## Exploring Similarity Between Text Embedding Tutorial

We can use individual_nlp_explanation to explore how a pre-trained embedding model’s similarity landscape. 

We provide individual_nlp_explanation with our two texts we want to compare as well as our specified model of choice. The explainer function then returns a list of pairs of terms from each text which are seen be similar and dissimilar by the model

Let’s take a simplistic example and generate our similarity increasers and similarity decreasers

In [2]:
from decima2 import individual_nlp_explanation


In [13]:
text1 = "the cat sat on the mat and it purred"
text2 = "the dog lay upon the mat and it barked"
model_name = "bert-base-uncased"

In [16]:
similarity_increasers, similarity_decreasers = individual_nlp_explanation(text1, text2, model_name, output='text')


In [21]:
for i in range(len(similarity_increasers)):
    print("Pairs that increase similarity:", similarity_increasers[i])
print("")
for i in range(len(similarity_decreasers)):
    print("Pairs that decrease similarity:", similarity_decreasers[i])

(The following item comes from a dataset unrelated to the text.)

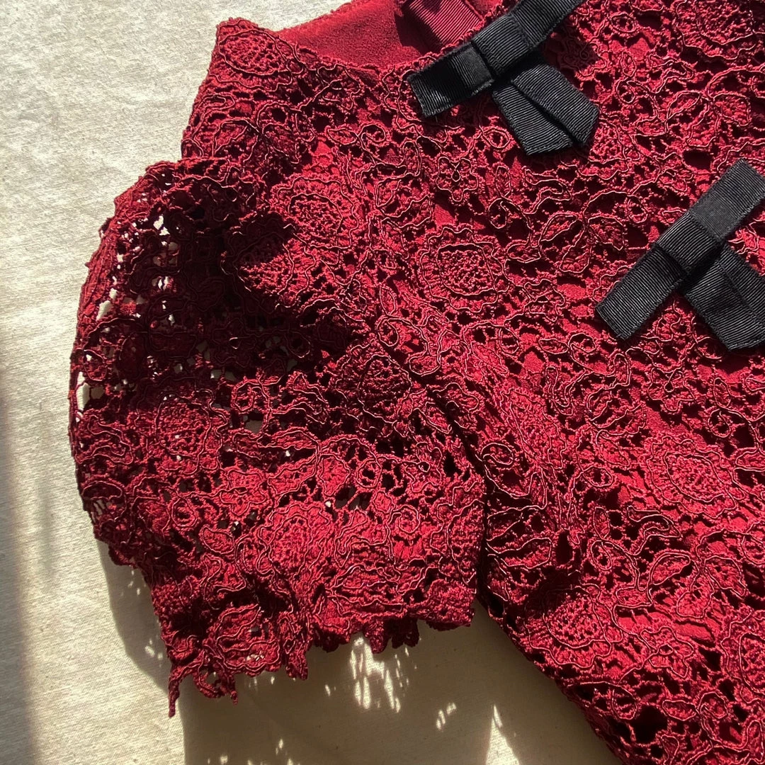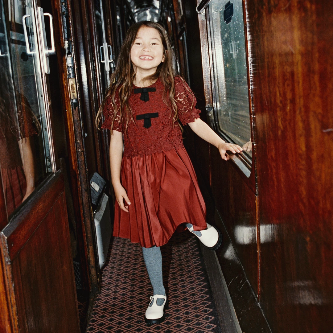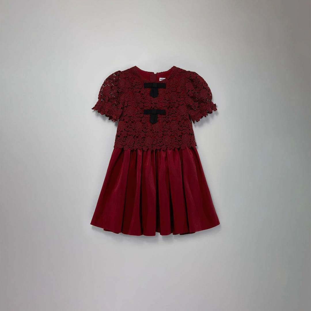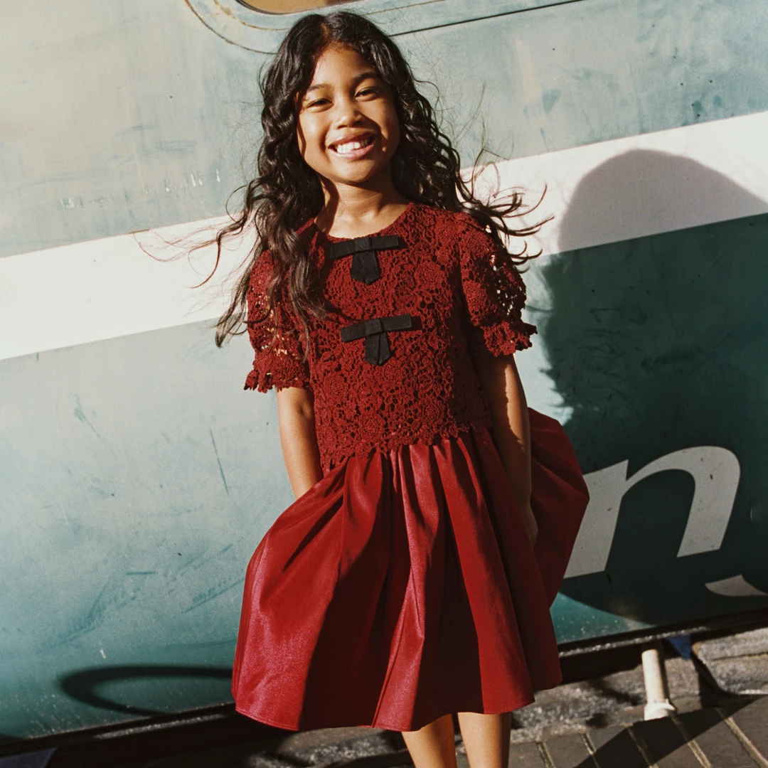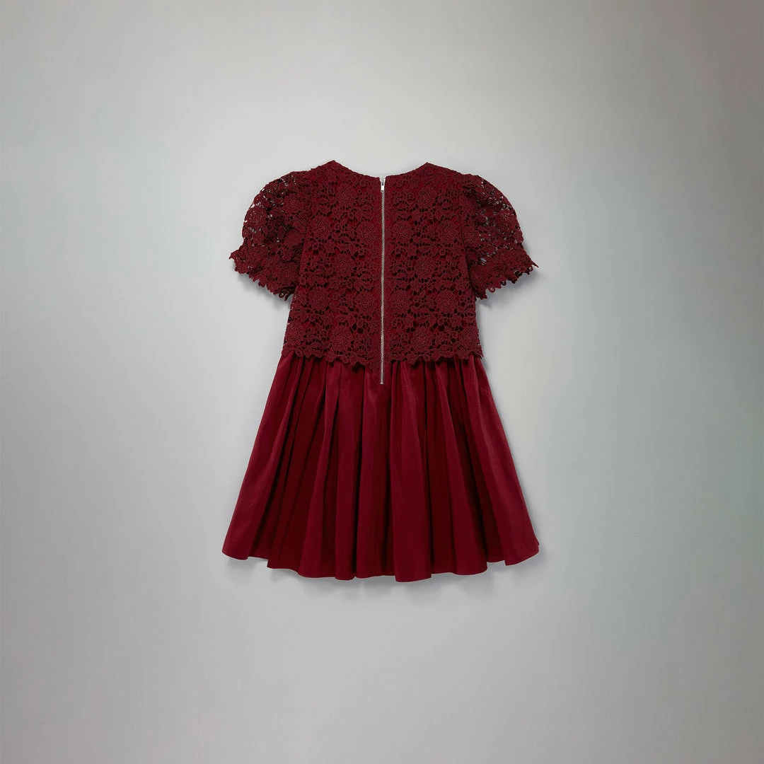 This kids dress is cut from red floral guipure lace and taffeta. It is designed with subtle puff sleeves and a contrast bow trim on the bodice. The pleated skirt falls to a full silhouette. Check the Size Guide to find your perfect fit.

Pairs that increase similarity: ('sat on the mat and it', 'the mat', np.float32(0.16405481))
Pairs that increase similarity: ('on the mat and it', 'the dog', np.float32(0.16475308))
Pairs that increase similarity: ('the cat sat on the', 'dog lay upon the mat and it', np.float32(0.1664756))
Pairs that increase similarity: ('the cat', 'dog lay upon the mat and it', np.float32(0.16682768))
Pairs that increase similarity: ('mat and it', 'lay upon', np.float32(0.1682499))
Pairs that increase similarity: ('on the mat and it', 'lay upon', np.float32(0.16850364))
Pairs that increase similarity: ('sat on', 'dog lay upon the mat and it', np.float32(0.1688664))
Pairs that increase similarity: ('cat sat on the mat and it', 'lay upon', np.float32(0.1700396))
Pairs that increase similarity: ('sat on the mat and it', 'the dog', np.float32(0.17831814))
Pairs that increase similarity: ('sat on the mat and it', 'lay upon', np.float32(0.18724602))

Pairs that decrease similarity: ('on the mat and it purr

From these similarity decreasers and increasers we can seee that the terms "and it purred" and "and it barked" are seen by the embedding model as dissimilar while the terms "sat on the mat and it" and "lay upon" are seen as most similar. 

This is interesting, the embedding model has clearly learned that barked and purred are different. Let's try and explore why the model thinks the other two terms are similar 

In [22]:
text1 = "sat on the mat and it"
text2 = "lay upon"
model_name = "bert-base-uncased"

In [23]:
similarity_increasers, similarity_decreasers = individual_nlp_explanation(text1, text2, model_name, output='text')


In [24]:
for i in range(len(similarity_increasers)):
    print("Pairs that increase similarity:", similarity_increasers[i])
print("")
for i in range(len(similarity_decreasers)):
    print("Pairs that decrease similarity:", similarity_decreasers[i])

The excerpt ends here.